Stored data entries
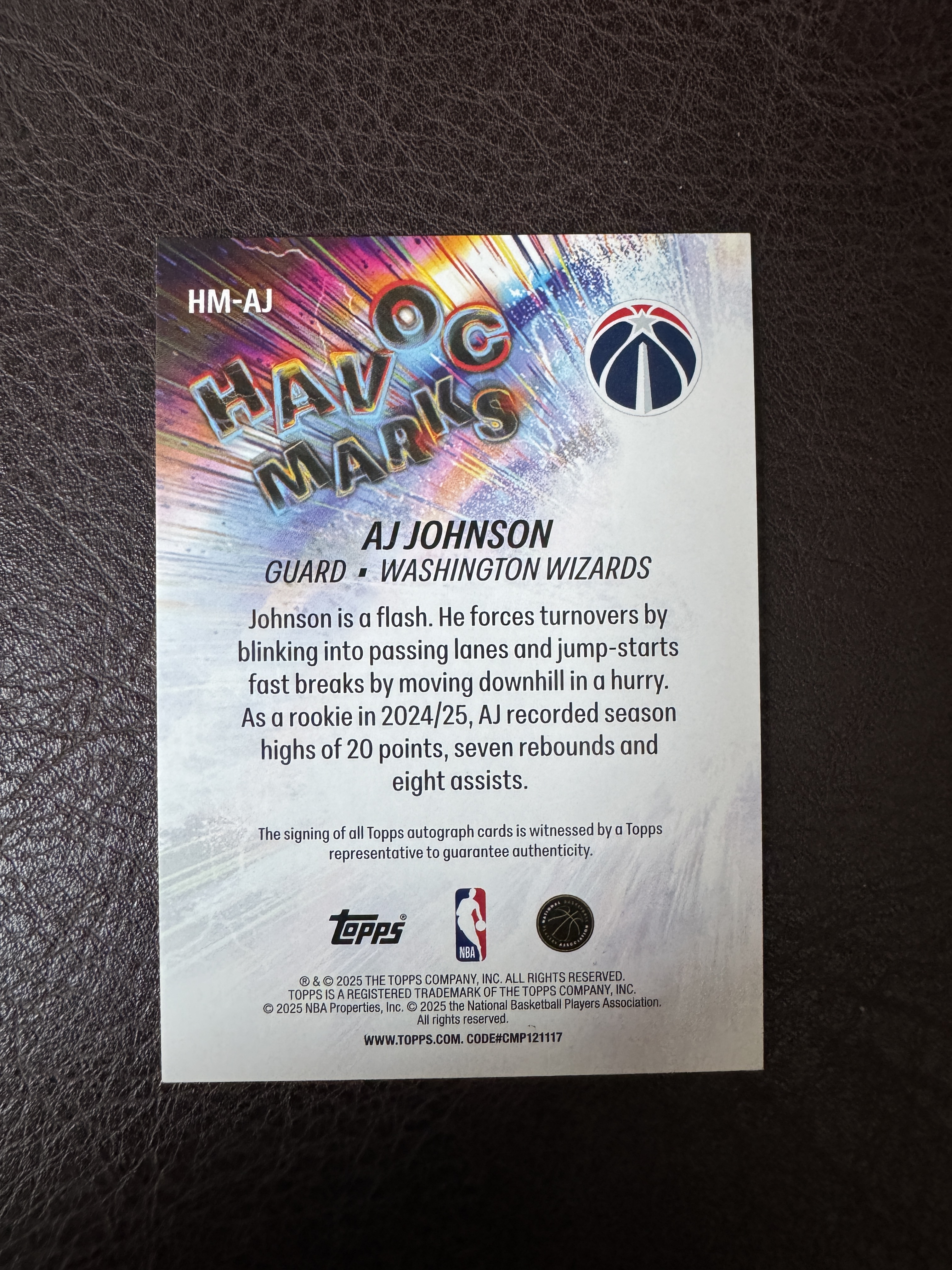 2025 Topps flagship AJ Johnson 狂潮印记签 AJ 约翰逊 奇才 签字 绿折 87/99编 卡品如图
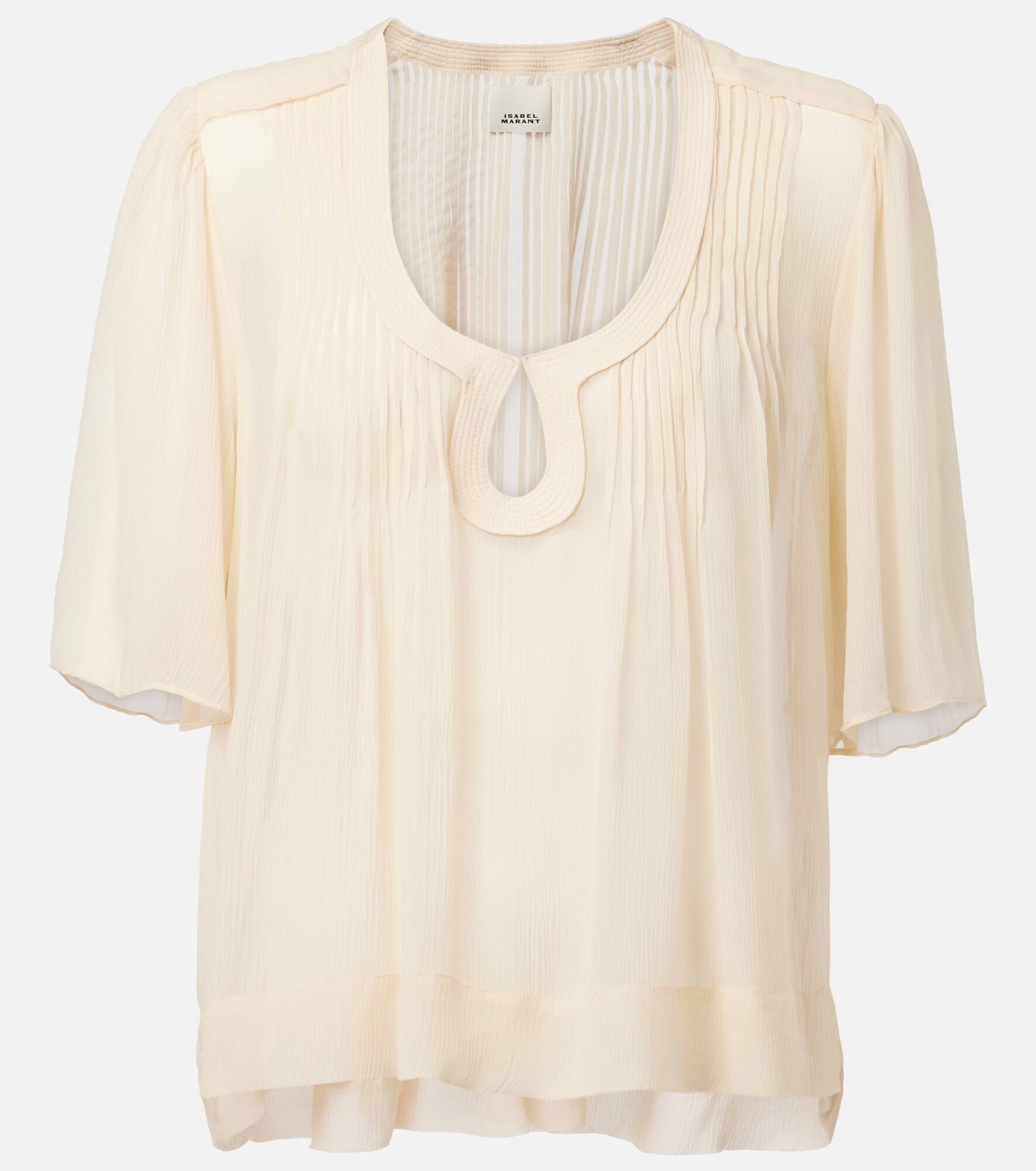 Crafted from pure silk, this sheer top from Isabel Marant features short sleeves and a relaxed silhouette. Designed with a straight hem and round neckline, it falls just below the hip. Product Details - Material: 100% silk - Care instructions: dry clean - Made in India - Designer color name: Ecru - Item color: beige - Lining: 100% silk - Material II: 100% polyester - Item number: P01062212 Size & Fit - True to size - Sheer - Designed for a loose fit - Non-stretchy fabric - Falls to the hip - The model seen in the picture is 178cm-5'10" and wearing a size FR 36
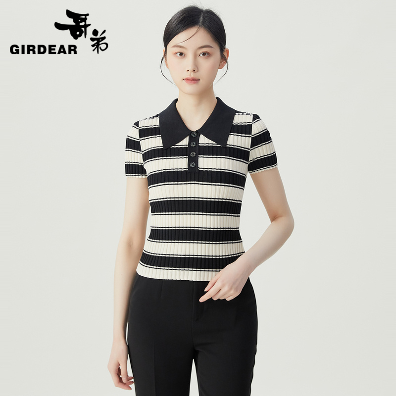 哥弟 坑条经典色拼接Polo领套头短袖针织衫1399614
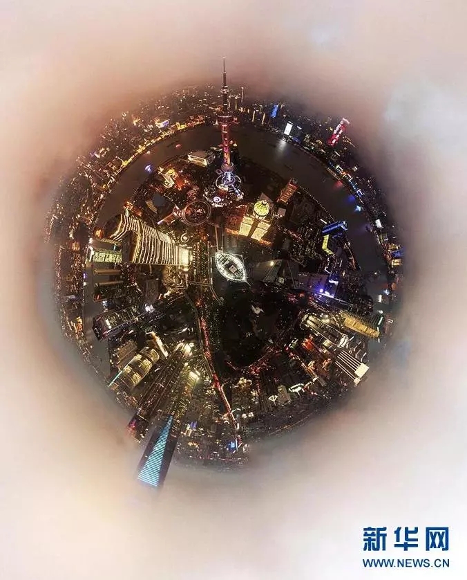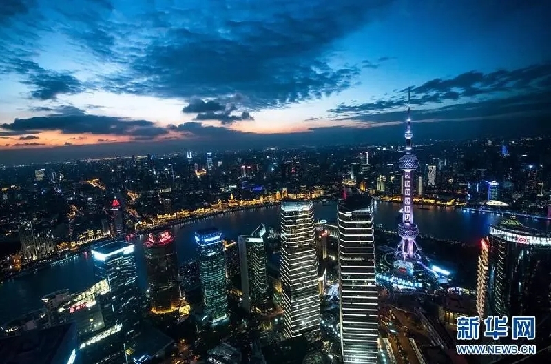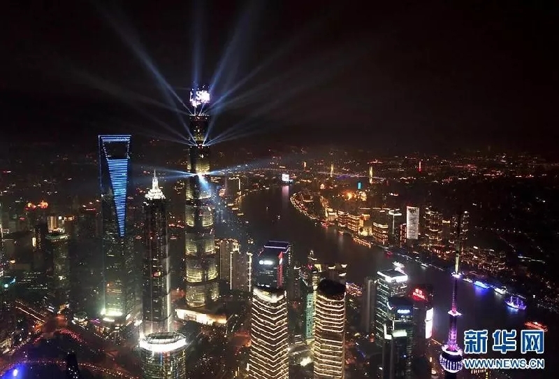 上海陆家嘴的夜景鸟瞰照片(10月17日无人机拍摄)
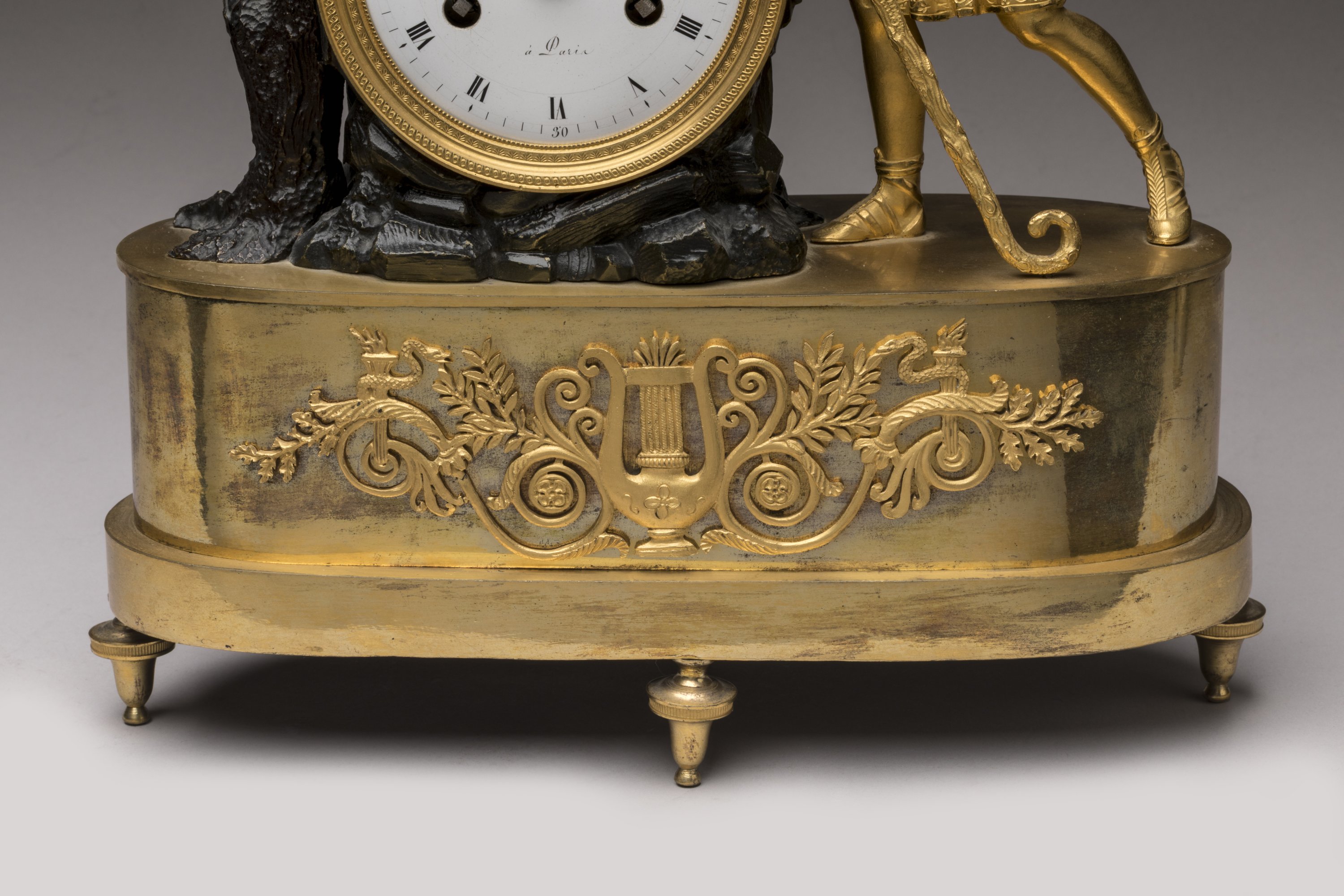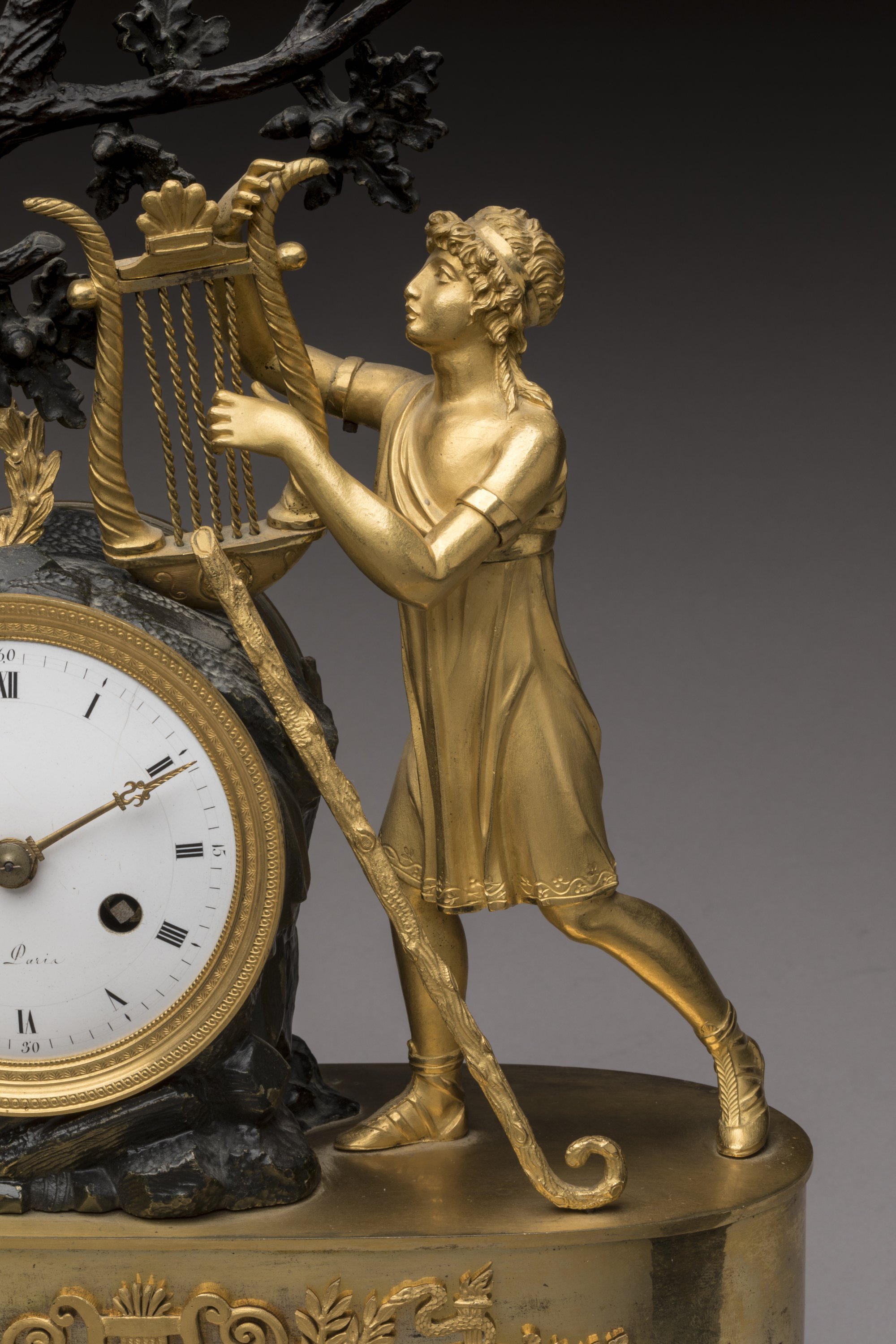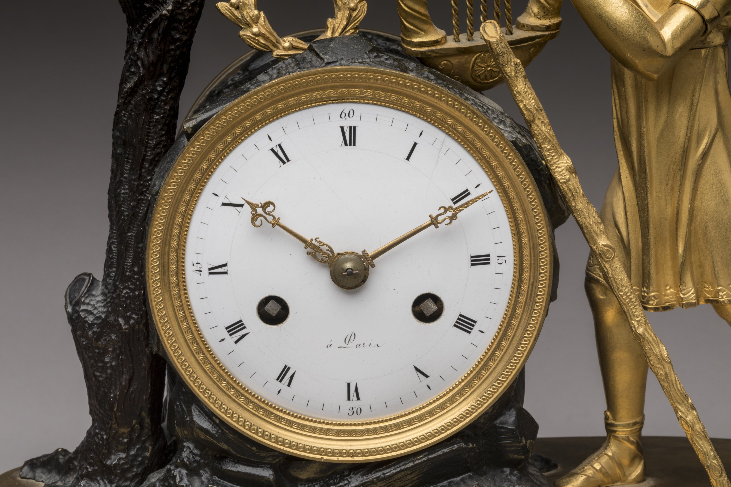 An ormolu clock featuring Eurydice holding a lyre. Early 19th century.
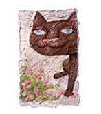 そんな猫好きにはたまらない「猫猫展・1」が2会場で同時開催される。出品作家は、浅見陽子、大久保千秋、菅野由貴子、佐野昌子、速水信子、堀葉月、本望マサ子、皆川良一、山田ナツミ、渡邊利馗の10人。セラミック粘土あり木版あり、水彩、ガラス絵、陶、アクリル等々、素材や表現技法はまさに十人十色。共通しているのは、モチーフが猫ということ。
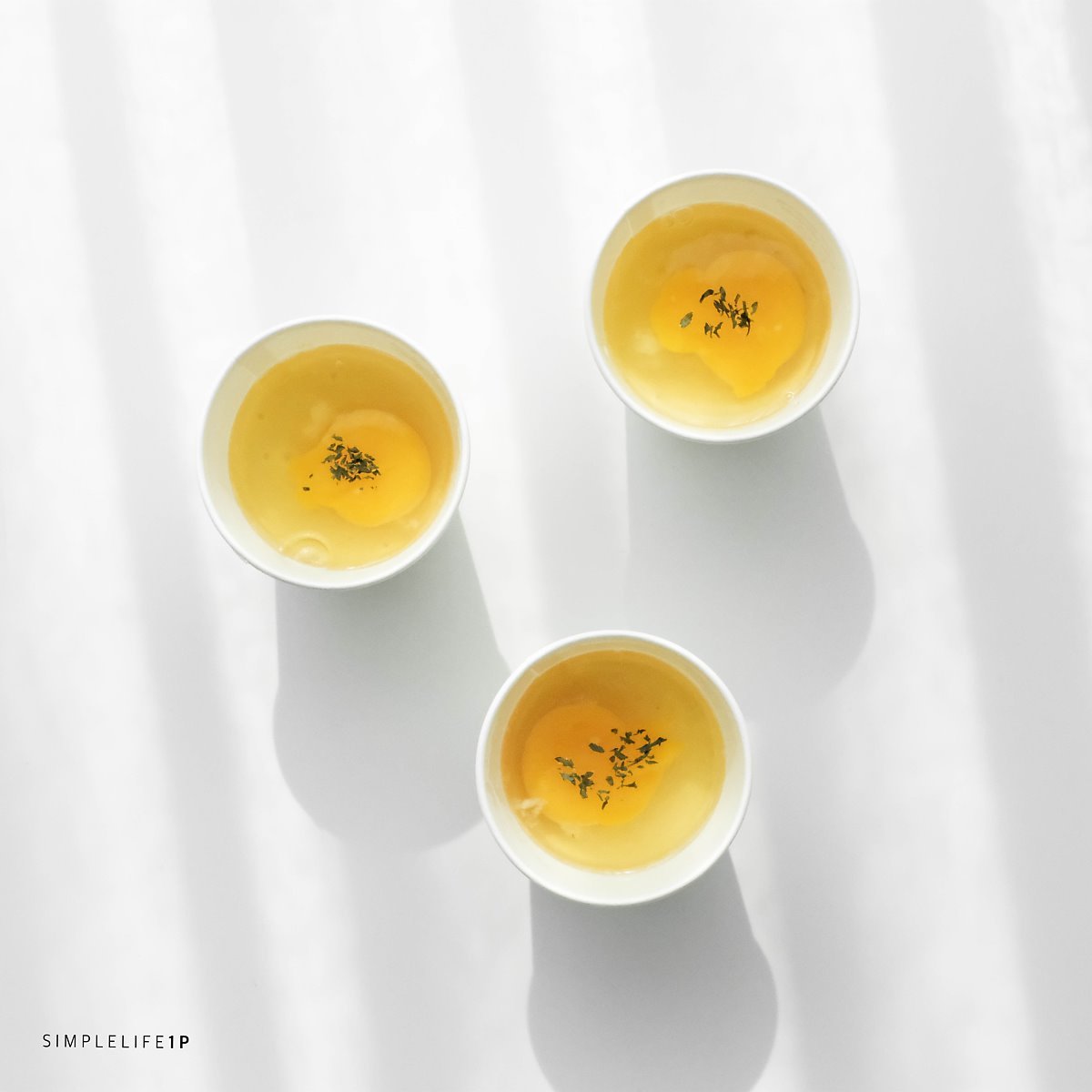 종이컵에 반죽을 1/3 정도로 부어주세요. 반죽 위에 달걀을 올려주세요. 포크를 이용해 달걀노른자를 콕 찍어 깨트려주세요. 소량의 파슬리를 뿌려주세요. 에어프라이어에 종이컵을 넣은 후 160도에서 약 15분간 돌려주세요.
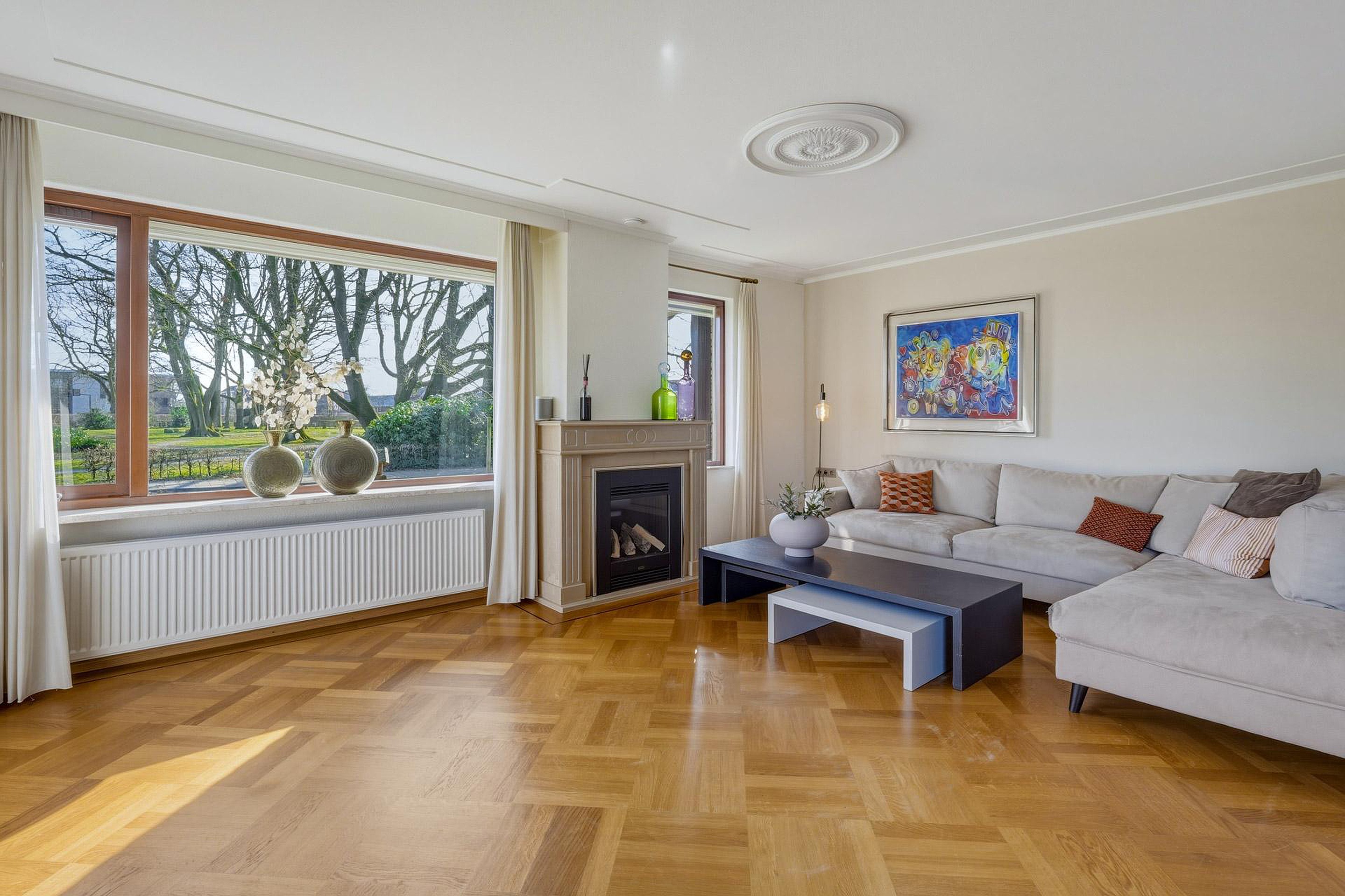 – Ruime, straatgerichte woonkamer met sfeervolle houtkachel;

Assignment:
Word for word, copy all the entries above, but with no pictures.

Answer section:
 2025 Topps flagship AJ Johnson 狂潮印记签 AJ 约翰逊 奇才 签字 绿折 87/99编 卡品如图
 Crafted from pure silk, this sheer top from Isabel Marant features short sleeves and a relaxed silhouette. Designed with a straight hem and round neckline, it falls just below the hip. Product Details - Material: 100% silk - Care instructions: dry clean - Made in India - Designer color name: Ecru - Item color: beige - Lining: 100% silk - Material II: 100% polyester - Item number: P01062212 Size & Fit - True to size - Sheer - Designed for a loose fit - Non-stretchy fabric - Falls to the hip - The model seen in the picture is 178cm-5'10" and wearing a size FR 36
 哥弟 坑条经典色拼接Polo领套头短袖针织衫1399614
 上海陆家嘴的夜景鸟瞰照片(10月17日无人机拍摄)
 An ormolu clock featuring Eurydice holding a lyre. Early 19th century.
 そんな猫好きにはたまらない「猫猫展・1」が2会場で同時開催される。出品作家は、浅見陽子、大久保千秋、菅野由貴子、佐野昌子、速水信子、堀葉月、本望マサ子、皆川良一、山田ナツミ、渡邊利馗の10人。セラミック粘土あり木版あり、水彩、ガラス絵、陶、アクリル等々、素材や表現技法はまさに十人十色。共通しているのは、モチーフが猫ということ。
 종이컵에 반죽을 1/3 정도로 부어주세요. 반죽 위에 달걀을 올려주세요. 포크를 이용해 달걀노른자를 콕 찍어 깨트려주세요. 소량의 파슬리를 뿌려주세요. 에어프라이어에 종이컵을 넣은 후 160도에서 약 15분간 돌려주세요.
 – Ruime, straatgerichte woonkamer met sfeervolle houtkachel;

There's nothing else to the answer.